BRIEF DESCRIPTION OF THE DRAWINGS

In the following disclosure, the invention is described with reference to the attached drawings. However, it should be understood that the drawings merely depict certain representative and/or exemplary embodiments and features of the present invention and are not intended to limit the scope of the invention in any manner. The following is a brief description of each of the attached drawings.

FIG. 1 is a block diagram illustrating a computer system within which certain embodiments of the present invention are implemented;

FIG. 2 illustrates a portion of a HDAG data structure;

FIG. 3 is a flow diagram of a technique for storing decryption keys;

FIG. 4 is a conceptual block diagram showing a single data storage node and an index of pointers to data storage nodes;

FIG. 5 is a flow diagram illustrating a process for retrieving a stored decryption key;

FIG. 6 is a conceptual block diagram illustrating retrieval of a pair of values in connection with a decryption key retrieval; and

FIG. 7 is a block diagram illustrating a technique for selecting an access parent from a set of available access pairs using previously stored trust information.

DESCRIPTION OF THE PREFERRED EMBODIMENT(S)

The present invention is in some respects an extension of the disclosures provided in U.S. patent application Ser. No. 11/149,509, filed Jun. 10, 2005, titled “Identifying Characteristics in Sets of Organized Items” and published as U.S. Patent Application Publication No. 20060282475 on Dec. 14, 2006, Ser. No. 11/514,634, filed Sep. 1, 2006, and titled, “Data Structure Representation Using Hash-Based Directed Acyclic Graphs and Related Method” (the '634 application), and Ser. No. 11/888,092, filed Jul. 31, 2007, and titled, “Storing Nodes Representing Respective Chunks of Files in a Data Store” (the '092 application), which applications are incorporated by reference herein as though set forth herein in full. The present invention also is related to the concurrently filed, commonly assigned patent applications by the present inventor titled “Access Grants” (the “Access Grants” application) and “Managing Associations between Keys and Values” (the “Associations” application), which applications also are incorporated by reference herein as though set forth herein in full.

The present invention addresses, among other things, the problem of how to distribute decryption keys. For example, the techniques of the present invention can be used as an alternate approach to distributing decryption keys within a context in which an encrypted hash-based directed acyclic graph (HDAG) is used, as described in the '634 application and the '092 application.

An example of one context in which certain aspects of the present invention may be utilized is system 10, illustrated in FIG. 1. As shown in system 10, a user 12 operating through a computer 14 accesses data in a file server 16 via network 18. At the same time, a number of other users 22 (e.g., tens, hundreds or thousands of other users) also are able to access file server 16 via network 18. Within file server 16 is a file store 19 which typically includes a number of data files arranged in a hierarchical data structure. Such files are accessible through file server 16, subject to user-defined permissions 21 that specify who has access to what files, folders, directories, etc. It is noted that although server 16 is shown as a single component, it often in fact is comprised of multiple server boxes (e.g., collectively functioning as a single logical unit).

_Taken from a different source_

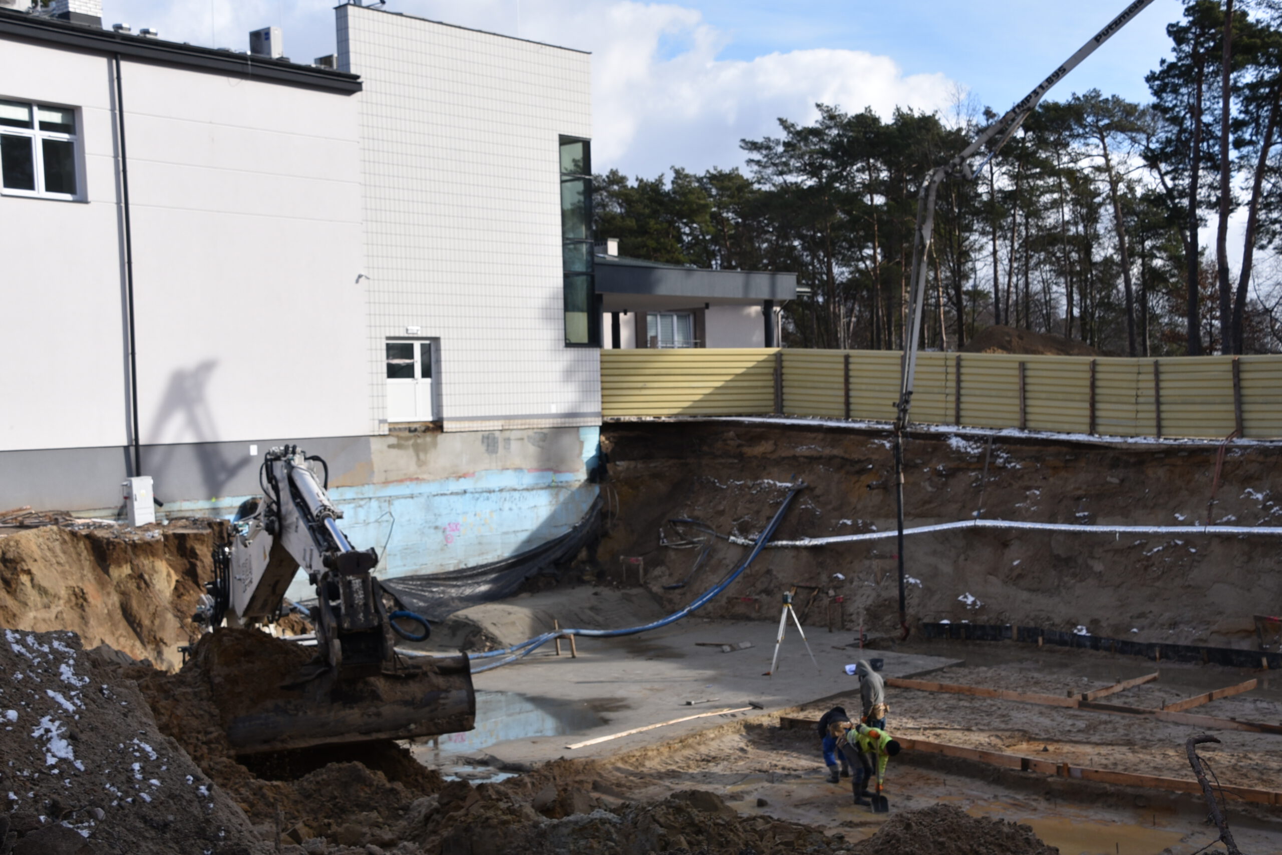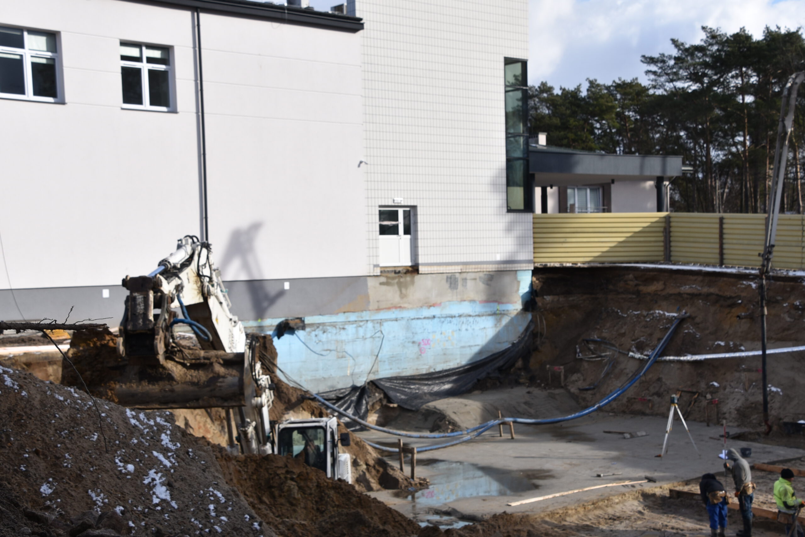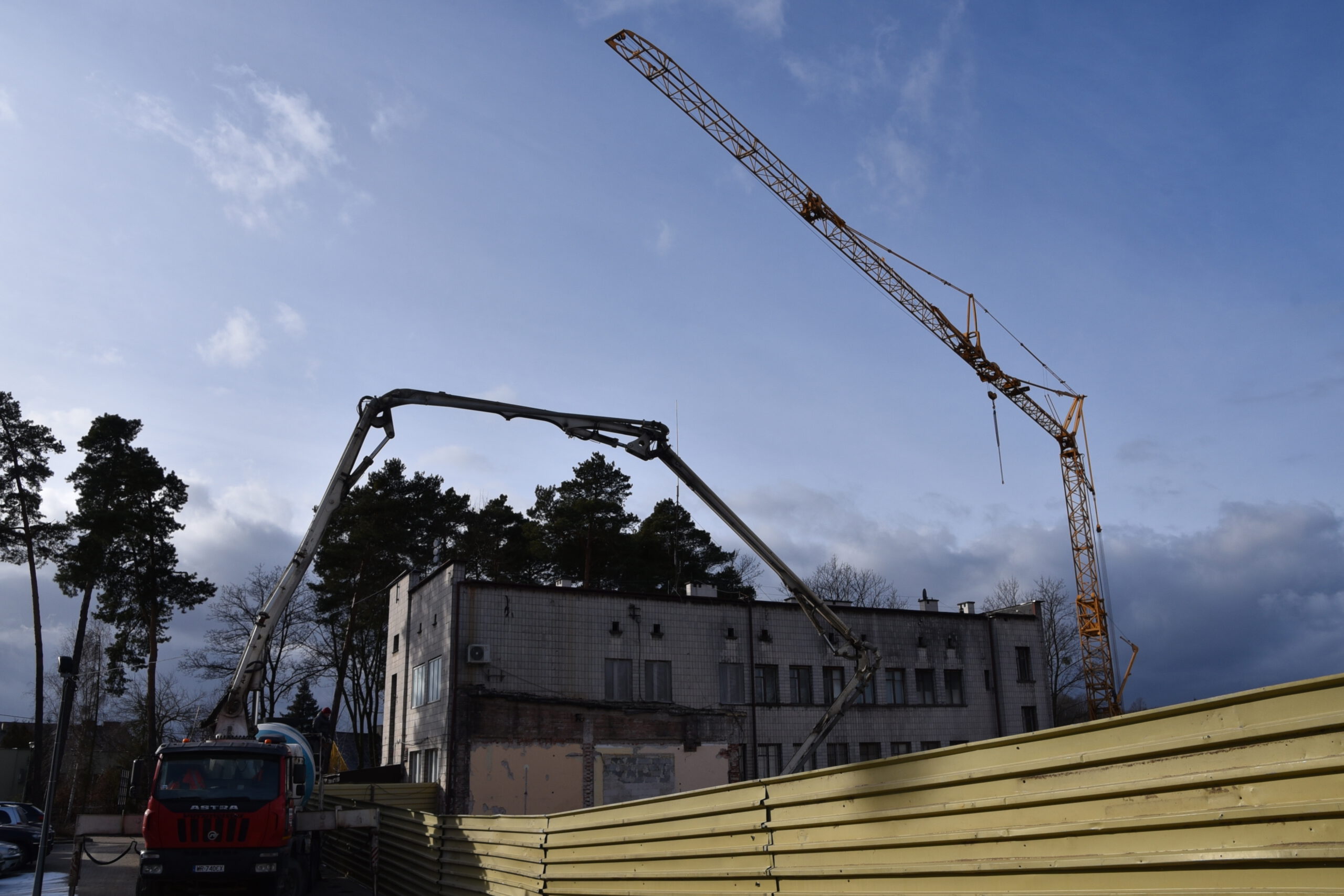 Pracownicy firmy radomskiej Arbud Investments nadal wykonują roboty ziemne oraz prace związane z zalewaniem płyt fundamentowych. Przy budynku starej chirurgii stanął żuraw wieżowy, który będzie ułatwiał transport materiałów budowlanych oraz wylewanie kolejnych elementów konstrukcyjnych. Cały budynek będzie miał dwa piętra.
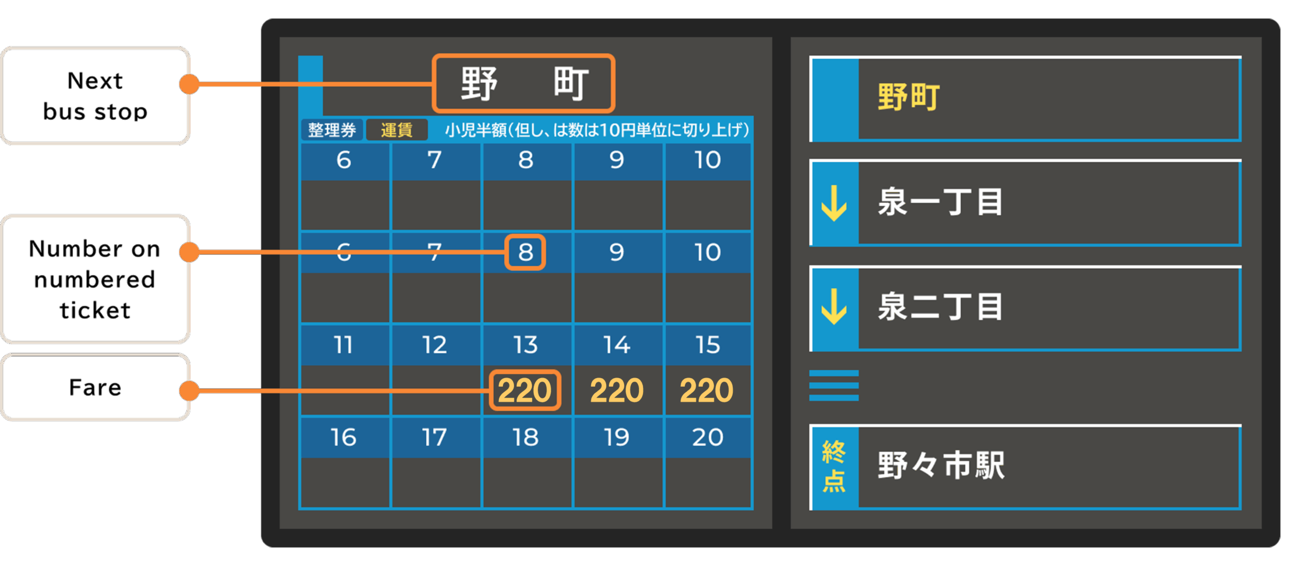 Fares are shown on the display at the front of the bus, under numbers corresponding to numbered tickets. Child fares (for children 6–12) are half the adult fare, rounded up to the nearest ¥10.

Also provided in system 10 is a backup server 22 (which also can include multiple server boxes collectively functioning as a single logical unit) that backs up the file system data contained in the file store 19. In certain embodiments of the invention, such backups are performed periodically (e.g., weekly, nightly or hourly); in other embodiments, such backups are performed on a continuous basis (e.g., automatically creating an archive copy of prior versions of files as they change or as the new versions are saved by the user 12); in still further embodiments, such backups are performed when and/or to the extent manually designated by user 12 (e.g., when a new version of a software product is released, the user 12 might designate that all of the source code and other files related to it are to be archived); in still further embodiments, such backups are performed using any combination of the foregoing approaches.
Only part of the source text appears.